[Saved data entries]
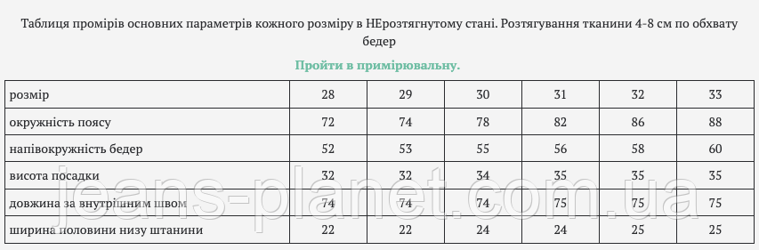 Таблиця промірів основних параметрів кожного розміру в НЕрозтягнутому стані. Розтягування тканини 4-8 см по обхвату бедер
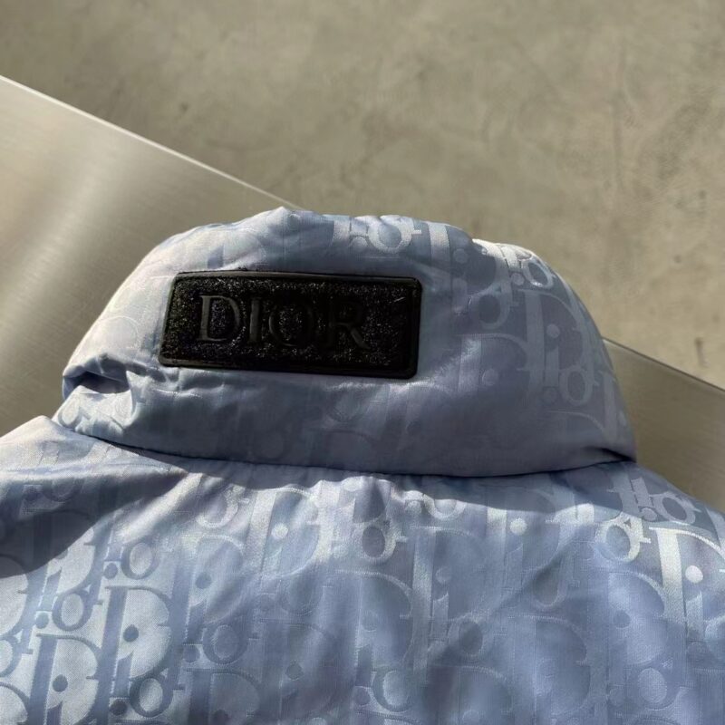 - Den blå dunvästen hyllar det karakteristiska ton-i-ton-mönster från Dior Oblique.
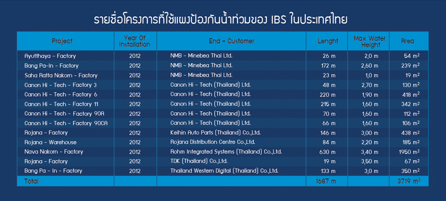 แผงป้องกันน้ำท่วม IBS ผ่านการทดสอบโดยนำไปใช้งานจริงที่ริมแม่น้ำดานูบประเทศออสเตรีย พบว่าสามารถป้องกันน้ำท่วมได้จริง สามารถป้องกันทรัพย์สินของรัฐบาล และประชาชนที่อยู่ใกล้แม่น้ำให้ปลอดภัยจากน้ำท่วม นอกจากนี้ยังรักษาทัศนียภาพของริมแม่น้ำและพื้นที่รอบ ๆ ให้ยังคงความสวยงามไว้เช่นเดิม
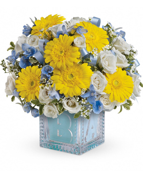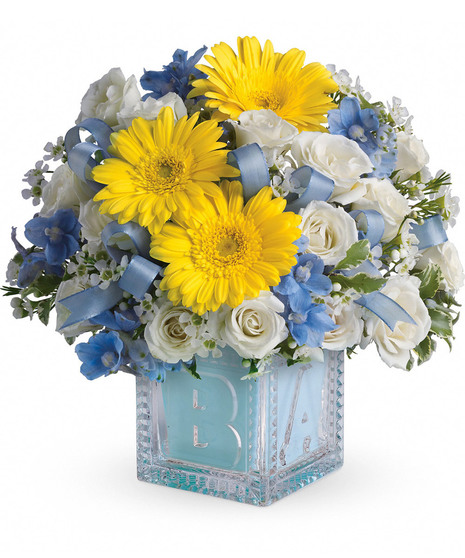 Celebrate the coolest baby boy on the block's arrival with this charming glass baby block that arrives chock full of pretty flowers. Perfect for baby showers, too! The glass block will make an adorable display piece for years!
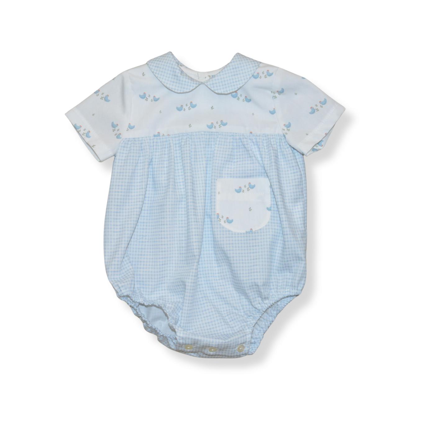 Pelele bebé vichy azul con estampado pollitos – Paloma de la O
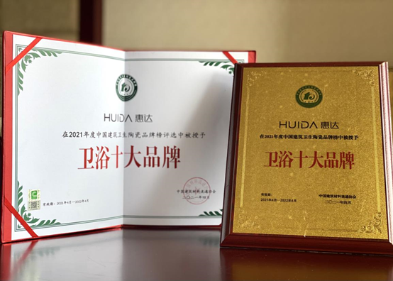 會議以“大商論道 光輝歲月”為主題,重點探討了新形勢下行業(yè)先進制造、高質量發(fā)展大計。期間,大會對2021年度優(yōu)秀陶衛(wèi)企業(yè)進行了表彰頒獎,惠達衛(wèi)浴憑借突出的行業(yè)影響力和強大的品牌綜合實力,在一眾品牌中脫穎而出,榮獲“衛(wèi)浴十大品牌”的重量級獎項。

• Your assignment
Reproduce the data above exactly, but only from the line containing "- Den blå dunvästen" through the line containing "Pelele bebé vichy". Omit all pictures.

• Expected answer
 - Den blå dunvästen hyllar det karakteristiska ton-i-ton-mönster från Dior Oblique.
 แผงป้องกันน้ำท่วม IBS ผ่านการทดสอบโดยนำไปใช้งานจริงที่ริมแม่น้ำดานูบประเทศออสเตรีย พบว่าสามารถป้องกันน้ำท่วมได้จริง สามารถป้องกันทรัพย์สินของรัฐบาล และประชาชนที่อยู่ใกล้แม่น้ำให้ปลอดภัยจากน้ำท่วม นอกจากนี้ยังรักษาทัศนียภาพของริมแม่น้ำและพื้นที่รอบ ๆ ให้ยังคงความสวยงามไว้เช่นเดิม
 Celebrate the coolest baby boy on the block's arrival with this charming glass baby block that arrives chock full of pretty flowers. Perfect for baby showers, too! The glass block will make an adorable display piece for years!
 Pelele bebé vichy azul con estampado pollitos – Paloma de la O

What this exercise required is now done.